Durch Vermittlung deutscher Bischöfe und anderer Wohl­täter liefen namhafte Beträge ein, die manchen ausgewiesenen Geistlichen, besonders aber deren Angehörigen aus harter finanzieller Not retteten. Die Gestapo wollte von mir die Quelle der vielen Gelder erfahren. Die Pflicht des Berufsge­heimnisses galt als Vorwand meines energischen Schweigens. Gottlob erfuhr sie nur Ungenaues von den Summen, die per Post und durch die Bank verschickt worden waren. Was nach Innerfrankreich kam und wie die Mark in Franken gewechselt wurden, blieb ihr natürlich geheim, ansonsten wäre es mir wegen Devisenschiebung sehr schlecht ergangen. Jedenfalls hat die Ausweisungsaffäre der 101 Geistlichen mich reif für Dachau gemacht.

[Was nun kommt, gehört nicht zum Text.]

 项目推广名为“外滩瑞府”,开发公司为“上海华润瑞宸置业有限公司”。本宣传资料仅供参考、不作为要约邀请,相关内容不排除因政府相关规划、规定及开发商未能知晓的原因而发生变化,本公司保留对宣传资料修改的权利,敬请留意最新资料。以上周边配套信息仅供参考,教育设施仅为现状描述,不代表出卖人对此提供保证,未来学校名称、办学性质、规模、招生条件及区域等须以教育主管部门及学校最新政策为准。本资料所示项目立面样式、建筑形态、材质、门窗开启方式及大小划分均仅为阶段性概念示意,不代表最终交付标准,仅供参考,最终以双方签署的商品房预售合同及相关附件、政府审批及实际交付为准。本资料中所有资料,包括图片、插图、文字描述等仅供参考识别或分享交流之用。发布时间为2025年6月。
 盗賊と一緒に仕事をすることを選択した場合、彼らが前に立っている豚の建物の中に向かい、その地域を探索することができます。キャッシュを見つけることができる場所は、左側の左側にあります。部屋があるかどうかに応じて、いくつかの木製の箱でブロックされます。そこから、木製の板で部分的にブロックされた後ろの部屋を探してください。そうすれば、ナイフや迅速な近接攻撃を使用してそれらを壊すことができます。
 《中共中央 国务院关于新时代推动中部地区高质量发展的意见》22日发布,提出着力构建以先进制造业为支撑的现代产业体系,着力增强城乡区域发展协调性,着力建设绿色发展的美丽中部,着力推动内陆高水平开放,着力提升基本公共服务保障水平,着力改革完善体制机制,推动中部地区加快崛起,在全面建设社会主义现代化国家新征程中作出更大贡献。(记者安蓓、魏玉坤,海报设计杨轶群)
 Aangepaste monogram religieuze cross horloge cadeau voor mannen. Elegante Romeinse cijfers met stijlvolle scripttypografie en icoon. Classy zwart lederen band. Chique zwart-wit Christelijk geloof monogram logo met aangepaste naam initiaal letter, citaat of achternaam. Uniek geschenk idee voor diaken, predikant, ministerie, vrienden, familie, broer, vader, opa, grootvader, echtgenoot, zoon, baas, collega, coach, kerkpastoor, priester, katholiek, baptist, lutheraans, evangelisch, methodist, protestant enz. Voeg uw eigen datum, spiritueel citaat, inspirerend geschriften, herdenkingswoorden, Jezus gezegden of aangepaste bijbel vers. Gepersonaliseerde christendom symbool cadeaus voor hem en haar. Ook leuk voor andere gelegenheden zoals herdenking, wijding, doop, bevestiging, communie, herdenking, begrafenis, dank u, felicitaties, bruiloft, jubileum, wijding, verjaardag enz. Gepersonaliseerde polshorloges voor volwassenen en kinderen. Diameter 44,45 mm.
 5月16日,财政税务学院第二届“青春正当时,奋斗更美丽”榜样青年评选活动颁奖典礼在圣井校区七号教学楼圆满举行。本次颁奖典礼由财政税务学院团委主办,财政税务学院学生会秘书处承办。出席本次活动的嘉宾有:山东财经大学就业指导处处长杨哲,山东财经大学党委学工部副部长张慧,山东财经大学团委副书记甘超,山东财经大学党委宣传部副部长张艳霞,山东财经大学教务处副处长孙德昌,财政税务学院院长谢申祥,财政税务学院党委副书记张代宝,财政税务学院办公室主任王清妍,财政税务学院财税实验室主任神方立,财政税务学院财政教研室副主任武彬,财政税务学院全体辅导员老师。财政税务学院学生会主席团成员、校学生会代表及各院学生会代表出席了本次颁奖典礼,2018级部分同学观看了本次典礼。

3. Die brutale Art der Ausweisung unserer 101 Geistlichen.

Am 28. Juli 1941 standen morgens zwischen sechs und neun Uhr Autos, mit dem unheilverkündenden Wort« Pol>> neben der Wagennummer, vor vielen lothringischen Pfarr­häusern. Gestapoagenten in Zivil forderten die Geistlichen auf, in das Auto einzusteigen. Als Grund für die unerwartete Zwangsspazierfahrt galten verlogene Vorwände, wie kurzfri­stiges Verhör bei der Sicherheitspolizei, Teilnahme bei einer wichtigen Besprechung über religiöse Angelegenheiten, Zeu­genaussagen über irgend ein unwichtiges Ereignis usw. Kleider und Wäsche brauchte man nicht mitzunehmen, meinten sie, höchstens Lebensmittel für einen Tag. Ausnahmsweise sagten aber einige wohlwollende Beamte vertraulich:« Packen Sie Kleider und Wäsche ein, denn sie kommen so schnell nicht zurück.» Manchmal betonten sehr gehässige Polizisten:<< Sie dürfen nur die Zahnbürste einstecken.» In den meisten Pfarr­wohnungen erfolgten oberflächliche Haussuchungen, in eini­gen wenigen jedoch sehr gründliche. Das Verhör war meistens kurz und höflich. Es gab aber auch langatmige und grobkör­nige Ausfragungen. Ein Pfarrer, der gerade sein Fahrrad re­parierte, musste ohne Soutane und ohne irgend Gepäck in seinem sogenannten« Speckmantel»( schäbiger Ueberwurf) so­fort in das Auto einsteigen.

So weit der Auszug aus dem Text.